▸ Task objective: Could you print the stretch of lines below from the one with "超级环路列车乘员舱的设计 根" through the one with "The design of", exactly as they stand and without any pictures?

▸ Data to use:
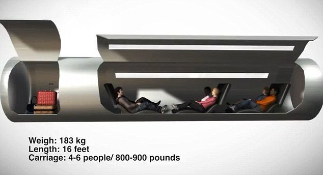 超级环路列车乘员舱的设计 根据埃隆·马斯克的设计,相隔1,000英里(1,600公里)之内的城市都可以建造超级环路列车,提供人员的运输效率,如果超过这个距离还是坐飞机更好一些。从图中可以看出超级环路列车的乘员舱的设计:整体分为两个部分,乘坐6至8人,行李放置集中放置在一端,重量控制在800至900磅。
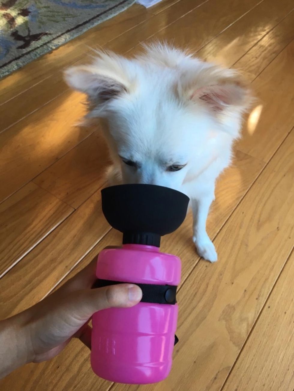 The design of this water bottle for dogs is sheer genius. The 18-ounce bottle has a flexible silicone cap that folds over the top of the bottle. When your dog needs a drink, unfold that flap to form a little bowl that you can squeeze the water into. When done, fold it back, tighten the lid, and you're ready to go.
* * *
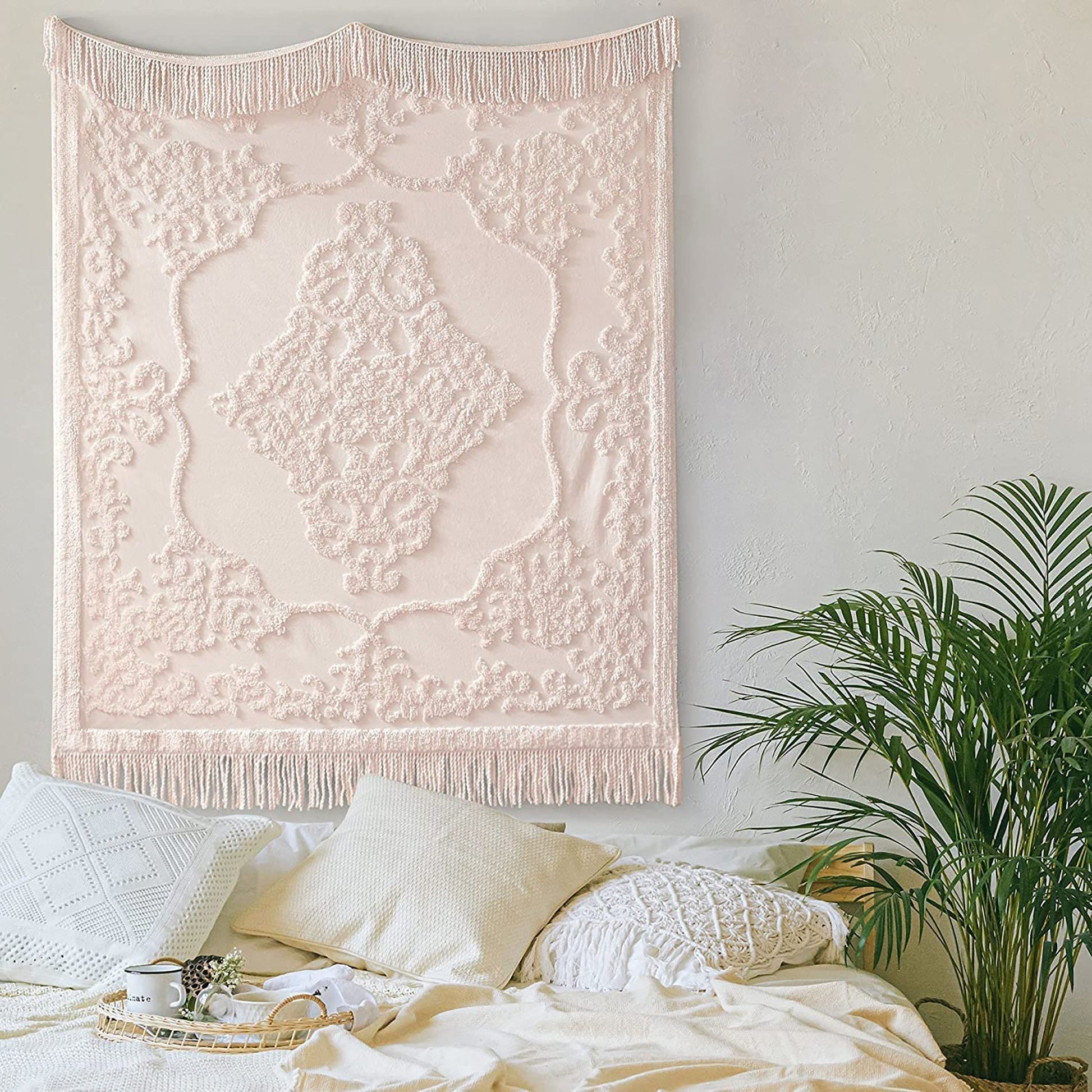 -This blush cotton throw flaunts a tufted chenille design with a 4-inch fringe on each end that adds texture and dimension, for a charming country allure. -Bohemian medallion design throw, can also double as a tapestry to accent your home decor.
...
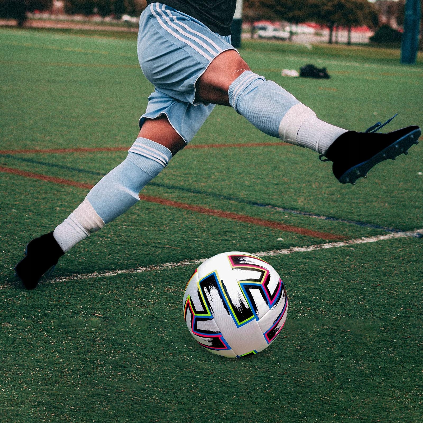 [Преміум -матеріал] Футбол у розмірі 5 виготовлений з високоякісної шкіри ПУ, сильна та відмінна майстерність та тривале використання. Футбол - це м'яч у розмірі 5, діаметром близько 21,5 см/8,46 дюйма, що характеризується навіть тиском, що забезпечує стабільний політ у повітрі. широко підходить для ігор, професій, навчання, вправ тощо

▸ Task response:
 超级环路列车乘员舱的设计 根据埃隆·马斯克的设计,相隔1,000英里(1,600公里)之内的城市都可以建造超级环路列车,提供人员的运输效率,如果超过这个距离还是坐飞机更好一些。从图中可以看出超级环路列车的乘员舱的设计:整体分为两个部分,乘坐6至8人,行李放置集中放置在一端,重量控制在800至900磅。
 The design of this water bottle for dogs is sheer genius. The 18-ounce bottle has a flexible silicone cap that folds over the top of the bottle. When your dog needs a drink, unfold that flap to form a little bowl that you can squeeze the water into. When done, fold it back, tighten the lid, and you're ready to go.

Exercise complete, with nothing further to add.